(Beginning of Material provided)

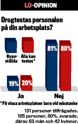 En av fem i LO-opinon jobbar på en arbetsplats där de som söker jobb blir drogtestade innan de anställs. På var femte arbetsplats drogtestas personalen, ibland genom slumpmässiga stickprov och ibland enbart vid misstanke.
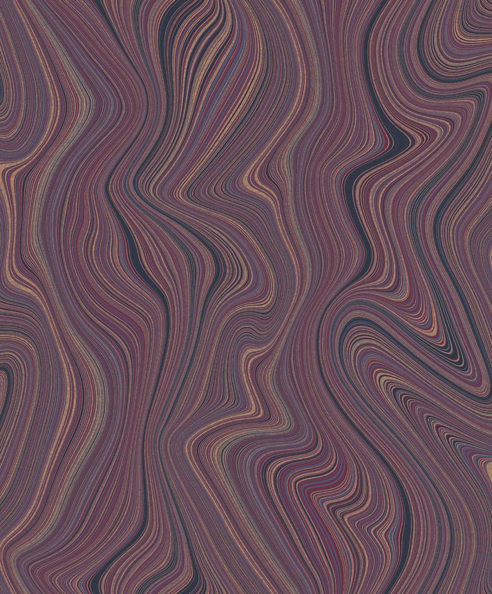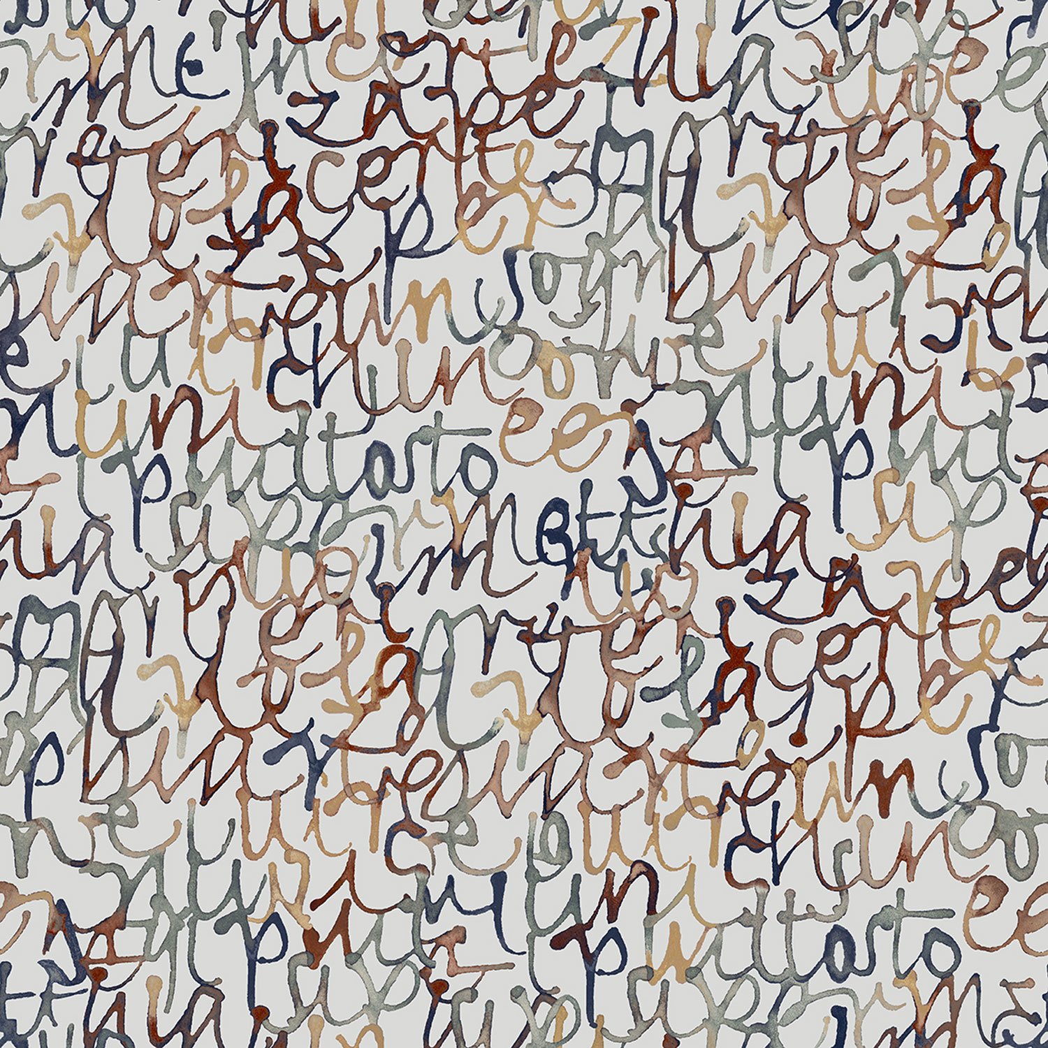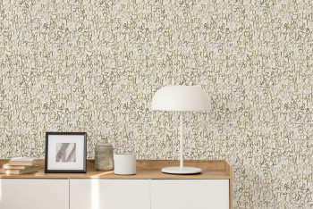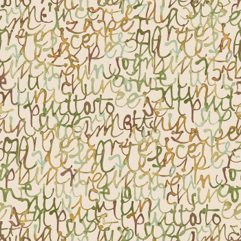 Vliesová tapeta s vinylovým povrchem, šedo-modrý podklad, abstraktní nápisy štětcem v odstínech modré, zelené, okrové a vínové.
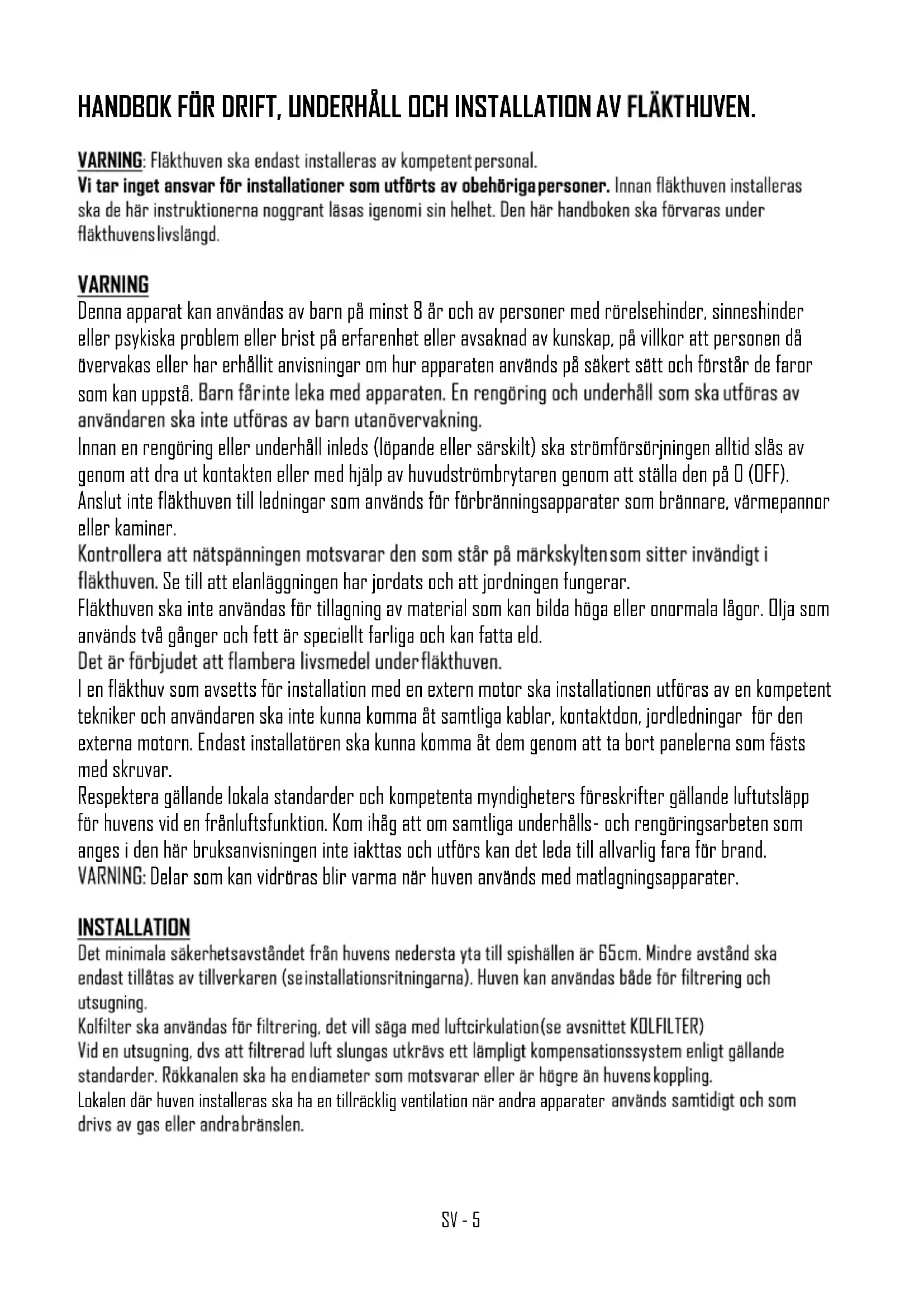 Denna apparat kan användas av barn på minst 8 år och av personer med rörelsehinder, sinneshinder eller psykiska problem eller brist på erfarenhet eller avsaknad av kunskap, på villkor att personen då övervakas eller har erhållit anvisningar om hur apparaten används på säkert sätt och förstår de faror som kan uppstå. Innan en rengöring eller underhåll inleds (löpande eller särskilt) ska strömförsörjningen alltid slås av genom att dra ut kontakten eller med hjälp av huvudströmbrytaren genom att ställa den på 0 (OFF). Anslut inte fläkthuven till ledningar som används för förbränningsapparater som brännare, värmepannor eller kaminer. Se till att elanläggningen har jordats och att jordningen fungerar. Fläkthuven ska inte användas för tillagning av material som kan bilda höga eller onormala lågor. Olja som används två gånger och fett är speciellt farliga och kan fatta eld. I en fläkthuv som avsetts för installation med en extern motor ska installationen utföras av en kompetent tekniker och användaren ska inte kunna komma åt samtliga kablar, kontaktdon, jordledningar för den externa motorn. Endast installatören ska kunna komma åt dem genom att ta bort panelerna som fästs med skruvar. Respektera gällande lokala standarder och kompetenta myndigheters föreskrifter gällande luftutsläpp för huvens vid en frånluftsfunktion. Kom ihåg att om samtliga underhålls- och rengöringsarbeten som anges i den här bruksanvisningen inte iakttas och utförs kan det leda till allvarlig fara för brand. Delar som kan vidröras blir varma när huven används med matlagningsapparater.

(End of Material provided)

- **Problem details**: Repeat the listing exactly, pictures excluded.

- **Final answer**:
 En av fem i LO-opinon jobbar på en arbetsplats där de som söker jobb blir drogtestade innan de anställs. På var femte arbetsplats drogtestas personalen, ibland genom slumpmässiga stickprov och ibland enbart vid misstanke.
 Vliesová tapeta s vinylovým povrchem, šedo-modrý podklad, abstraktní nápisy štětcem v odstínech modré, zelené, okrové a vínové.
 Denna apparat kan användas av barn på minst 8 år och av personer med rörelsehinder, sinneshinder eller psykiska problem eller brist på erfarenhet eller avsaknad av kunskap, på villkor att personen då övervakas eller har erhållit anvisningar om hur apparaten används på säkert sätt och förstår de faror som kan uppstå. Innan en rengöring eller underhåll inleds (löpande eller särskilt) ska strömförsörjningen alltid slås av genom att dra ut kontakten eller med hjälp av huvudströmbrytaren genom att ställa den på 0 (OFF). Anslut inte fläkthuven till ledningar som används för förbränningsapparater som brännare, värmepannor eller kaminer. Se till att elanläggningen har jordats och att jordningen fungerar. Fläkthuven ska inte användas för tillagning av material som kan bilda höga eller onormala lågor. Olja som används två gånger och fett är speciellt farliga och kan fatta eld. I en fläkthuv som avsetts för installation med en extern motor ska installationen utföras av en kompetent tekniker och användaren ska inte kunna komma åt samtliga kablar, kontaktdon, jordledningar för den externa motorn. Endast installatören ska kunna komma åt dem genom att ta bort panelerna som fästs med skruvar. Respektera gällande lokala standarder och kompetenta myndigheters föreskrifter gällande luftutsläpp för huvens vid en frånluftsfunktion. Kom ihåg att om samtliga underhålls- och rengöringsarbeten som anges i den här bruksanvisningen inte iakttas och utförs kan det leda till allvarlig fara för brand. Delar som kan vidröras blir varma när huven används med matlagningsapparater.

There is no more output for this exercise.